**What needs to be done**
Since the pictures are not wanted, copy only the text of every record exactly.

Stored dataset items
※

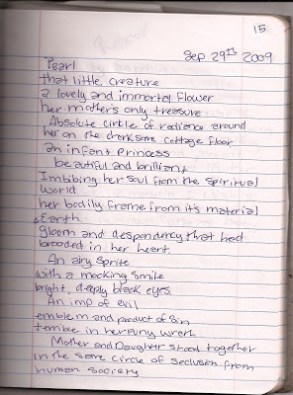 One of my favorite uses of the found poem in an English classroom is in response to difficult texts such as Nathaniel Hawthorne’s The Scarlet Letter. After reading an excerpt from “Pearl,” I invited students to highlight adjectives and phrases that Hawthorne uses to describe Hester’s strange daughter. Then, they went back to the text to glean the language that they felt was most important to create a poem using Hawthorne’s own words to represent Pearl.
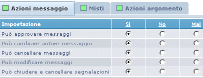 - Permesso: questa voce andrร abilitata se si desidera consentire il post di allegati con estensioni che appartengono a questo gruppo;
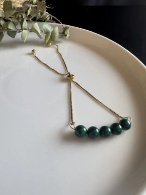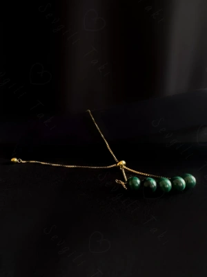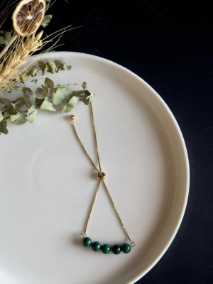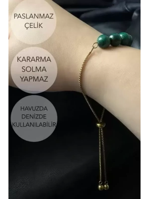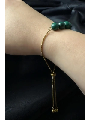 Malahit Doğal Taşlı Ayarlanabilir Çelik Bileklik -Miracle Serisi
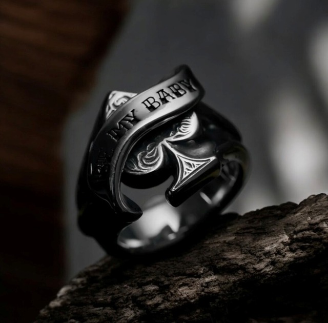 R-786- トライバル柄を彫ったスペードに立体的にリボンが絡むRING。 リング本体とリボンを別パーツで構成する事で、より立体的で奥行きのあるデザインに。 リボンにはメッセージ「BE MY BABY」が刻まれている。 HISASHI(GLAY)着用モデル 素材 SILVER950 サイズ リング幅:17mm
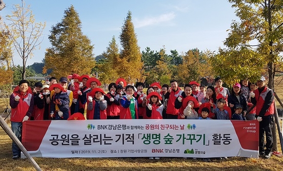경남은행이 실시한 생명숲 가꾸기 봉사활동은 도심 공원의 가치를 높이기 위해 지난 2015년부터 매년 전국 6개 도시(서울·부산·대구·경남·전주·광주)에서 릴레이로 진행 중인 ‘은행과 함께하는 공원의 친구되는 날’이라는 자원봉사 프로그램이다.
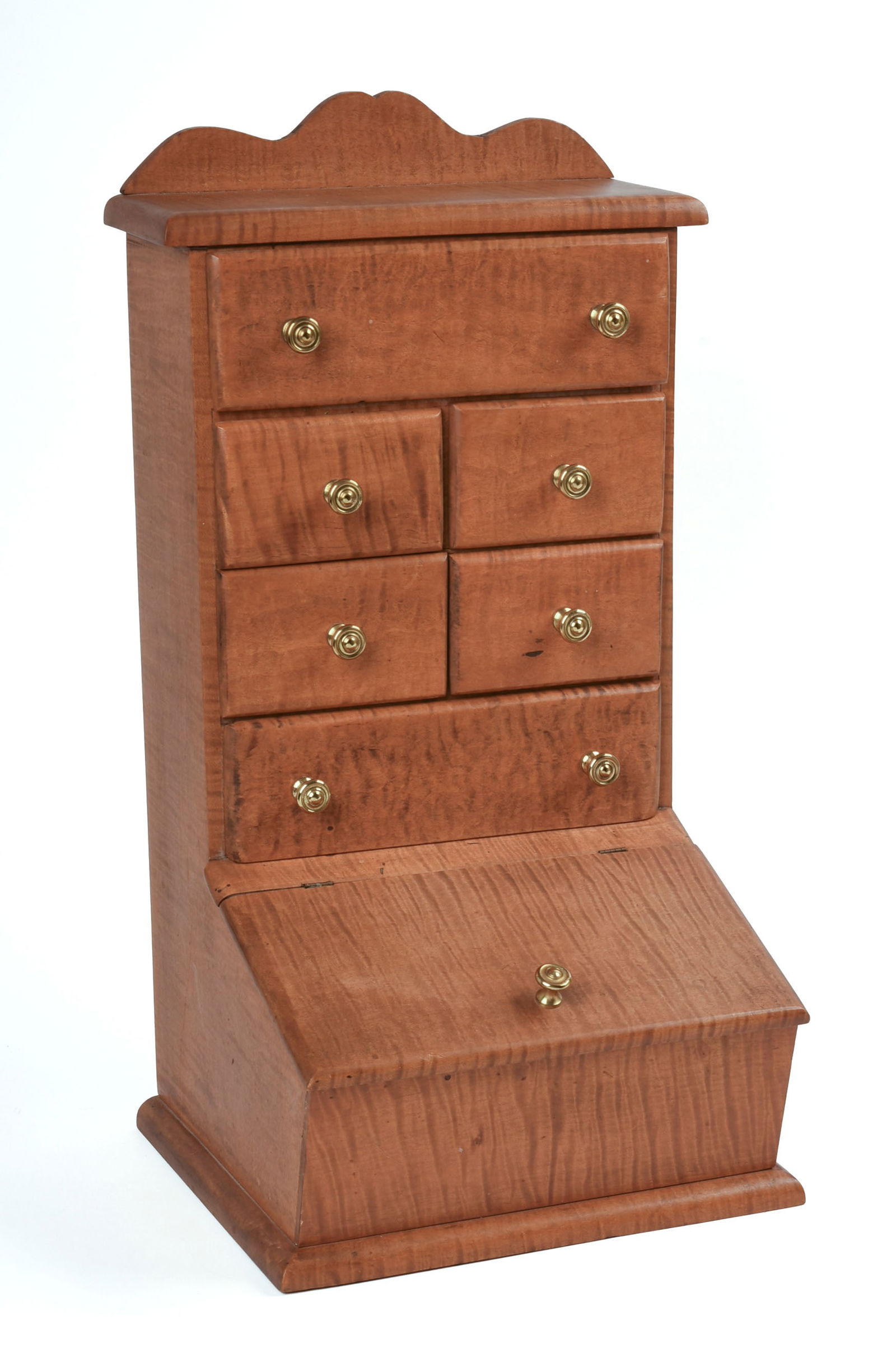 20TH C MINIATURE TIGER MAPLE HANGING CABINET
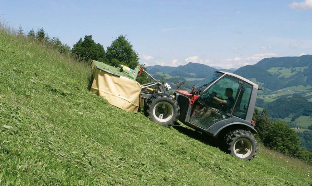 Mountain farming is a particular challenge to man and machine. The front-mounted 2.73 m (8’11") EasyCut F 280 M, the 3.16 m (10'4") F 320 M, and the 3.60 m (11'9") F 360 M disc mowers are the ideal machines to take on the challenge, boasting a compact design, a centre of gravity close to the tractor, perfect cuts on steep slopes and good attachment options to light-weight and very compact mountain tractors. The EasyCut 360 M model is the ideal machine for huge track widths and offers generous overlap in combination with rear mowers.
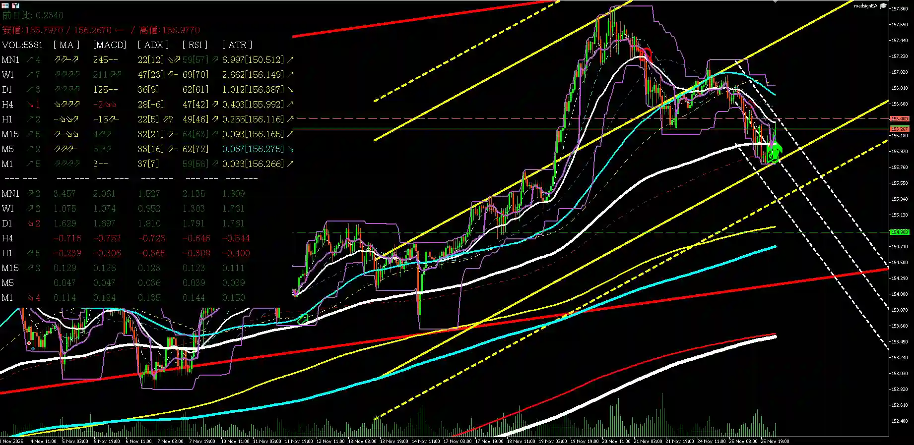 → **テクニカル単体では「153前半は押し目買い候補だが、154.5〜155 では利確・ショートも検討されやすいゾーン」**というバランス。

※

**Result of this exercise**
 One of my favorite uses of the found poem in an English classroom is in response to difficult texts such as Nathaniel Hawthorne’s The Scarlet Letter. After reading an excerpt from “Pearl,” I invited students to highlight adjectives and phrases that Hawthorne uses to describe Hester’s strange daughter. Then, they went back to the text to glean the language that they felt was most important to create a poem using Hawthorne’s own words to represent Pearl.
 - Permesso: questa voce andrร abilitata se si desidera consentire il post di allegati con estensioni che appartengono a questo gruppo;
 Malahit Doğal Taşlı Ayarlanabilir Çelik Bileklik -Miracle Serisi
 R-786- トライバル柄を彫ったスペードに立体的にリボンが絡むRING。 リング本体とリボンを別パーツで構成する事で、より立体的で奥行きのあるデザインに。 リボンにはメッセージ「BE MY BABY」が刻まれている。 HISASHI(GLAY)着用モデル 素材 SILVER950 サイズ リング幅:17mm
경남은행이 실시한 생명숲 가꾸기 봉사활동은 도심 공원의 가치를 높이기 위해 지난 2015년부터 매년 전국 6개 도시(서울·부산·대구·경남·전주·광주)에서 릴레이로 진행 중인 ‘은행과 함께하는 공원의 친구되는 날’이라는 자원봉사 프로그램이다.
 20TH C MINIATURE TIGER MAPLE HANGING CABINET
 Mountain farming is a particular challenge to man and machine. The front-mounted 2.73 m (8’11") EasyCut F 280 M, the 3.16 m (10'4") F 320 M, and the 3.60 m (11'9") F 360 M disc mowers are the ideal machines to take on the challenge, boasting a compact design, a centre of gravity close to the tractor, perfect cuts on steep slopes and good attachment options to light-weight and very compact mountain tractors. The EasyCut 360 M model is the ideal machine for huge track widths and offers generous overlap in combination with rear mowers.
 → **テクニカル単体では「153前半は押し目買い候補だが、154.5〜155 では利確・ショートも検討されやすいゾーン」**というバランス。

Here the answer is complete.